They moved toward us on two legs tall as trees. With arms as thick as corn stalks they struck implements, producing that blood-curdling
din. But now we had to move and fast! For these terrorists tore huge corn stalks and thrashed us with our own fodder. They
ripped up bushes and branches to beat us to death. With horrible screams, an especially vicious mob crushed our eggs, jumping
and trampling and pounding with sticks. "Locusts," they screamed. "Kill the locusts!" Panic-stricken
we piled upon each other in heaps. The enraged monsters threw fire on our huddled insects: load after load of burning leaves
and litter and straw they hurled upon us. In ghastly panic we tried to flee every which way. But they surrounded
us, dug trenches in the ground, swept us in, cast more flame on us, shoveled more dirt upon us.

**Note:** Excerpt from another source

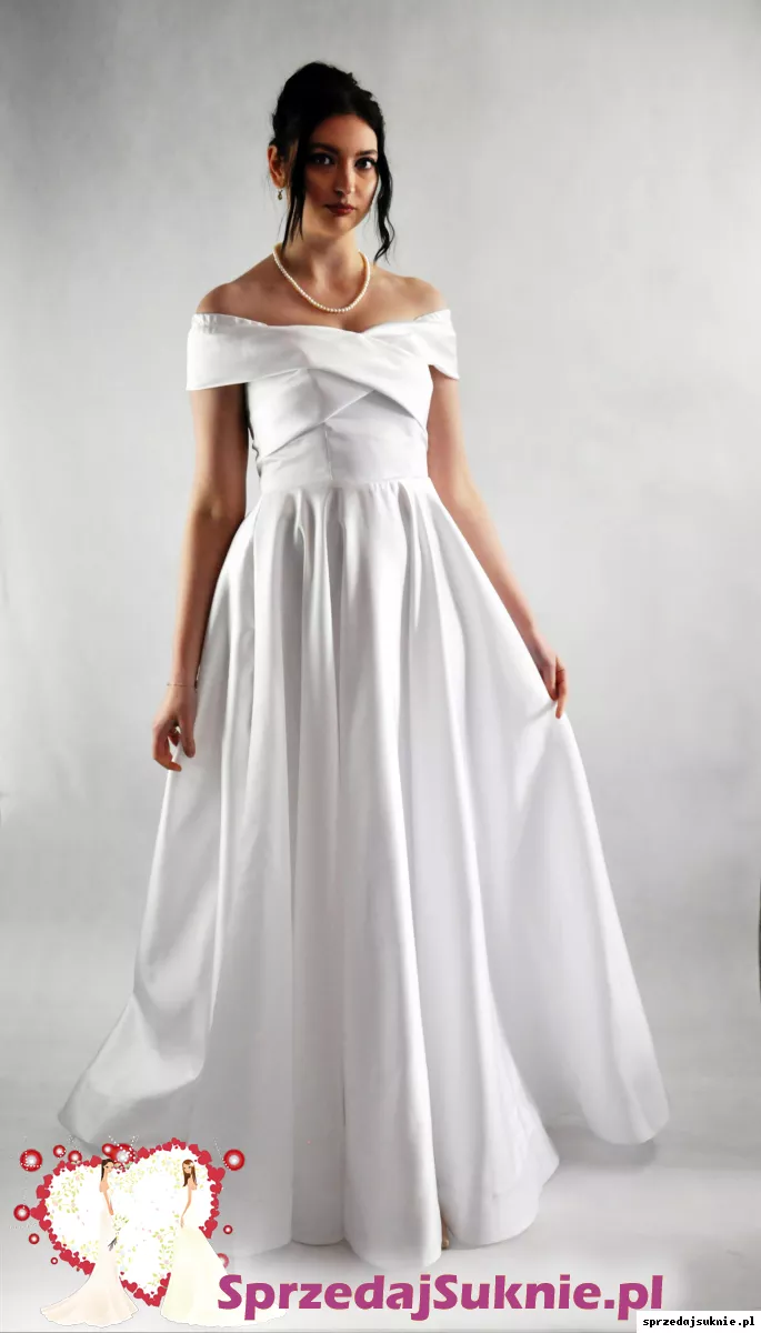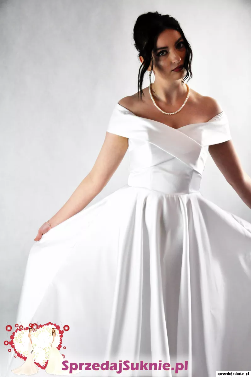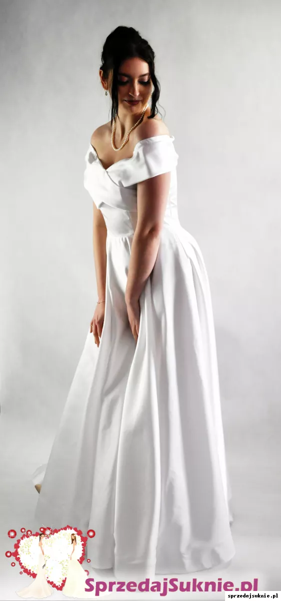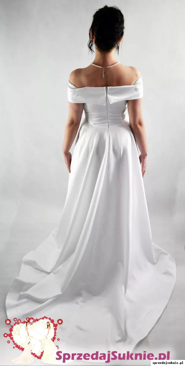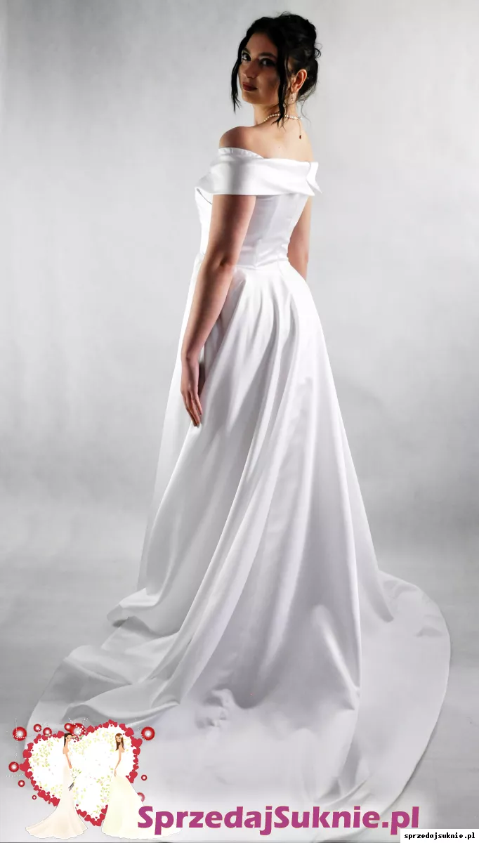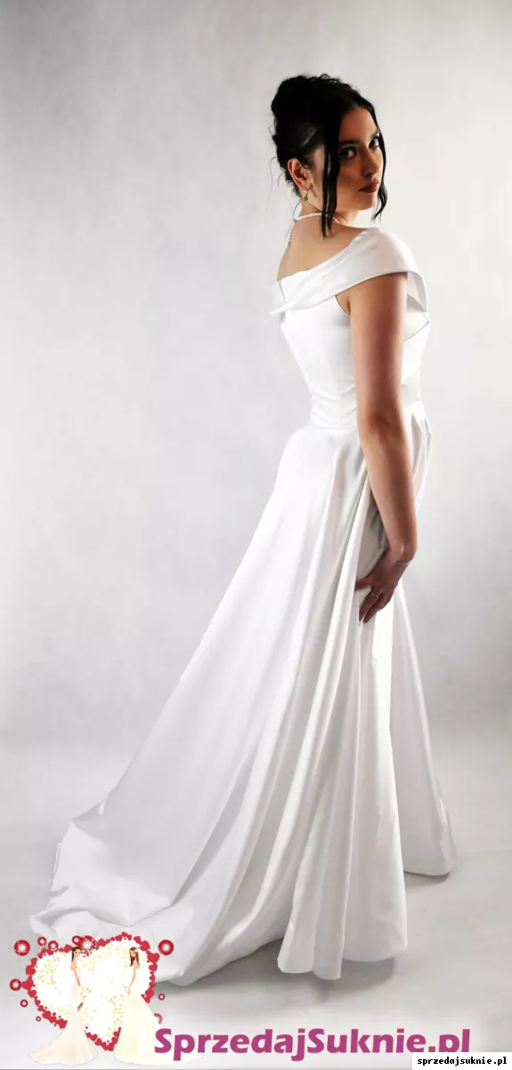 Pi臋kna satynowa suknia 艣lubna z delikatnym trenem.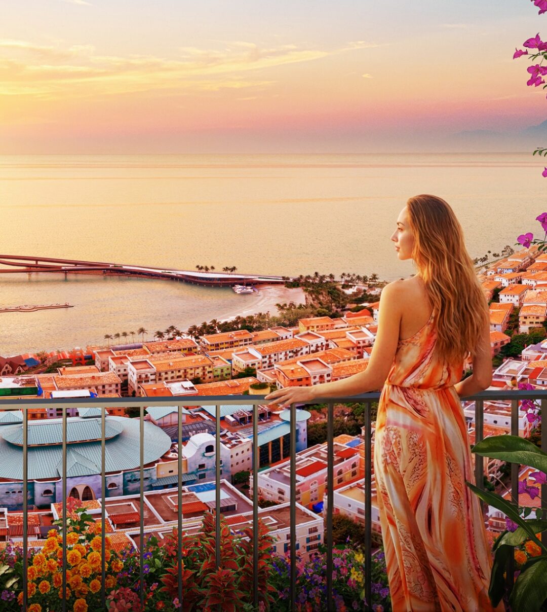 Từ độ cao lý tưởng của The Sunset, cư dân được đặc quyền thu trọn vẻ đẹp biểu tượng của Cầu Hôn và toàn cảnh Sunset Town.

We choked and burned and screamed
and suffocated.
Yes, many of us escaped to the air. But were we any more victorious than those who met death on the ground? No! For though
in chaos and delirium my body was scattered to the sky, my soul was in the burning ditch in which I beheld Pagoda lie. A million
locusts were swept aloft in a whirlwind of confusion, I among that number. "FREEDOM!" they all shouted, "FREEDOM,
FREEDOM!" But "Pagoda, Pagoda!" was all that I could utter. I didn't fly - I was conveyed away, pressed in
a mass of whirring insects. And "Pagoda" I would cry with every spin and swirl. But now a bug right by
my side heard my cries and offered counsel. "Things cannot be otherwise," he pronounced. For distraction's
sake I answered him and asked what was his meaning. "What happened just now was indispensable," he continued, "a
necessary ingredient in this best of possible worlds." "If this," I shot back, "is the best of
all possible worlds, what can the others be like?" This philosopher, this Doctor Painloss as he called himself,
hastened to assure me that God is perfection, that He created a perfect universe, that what we see as evil is in reality part
of a grand and good design. Locusts must accept their lot - not try to understand or change it. "No doubt," the
good doctor went on, "God employed this expedient as a means to punish sinful insects." "But what
of the millions of INNOCENTS who perished with the sinners? What about my Pagoda?" I was furious now and prepared
to grapple with this wise bug. I strained with all my tormented mind to rebut his foolish argument. But an overpowering wind
tore me from him and bore me far to a distant continent.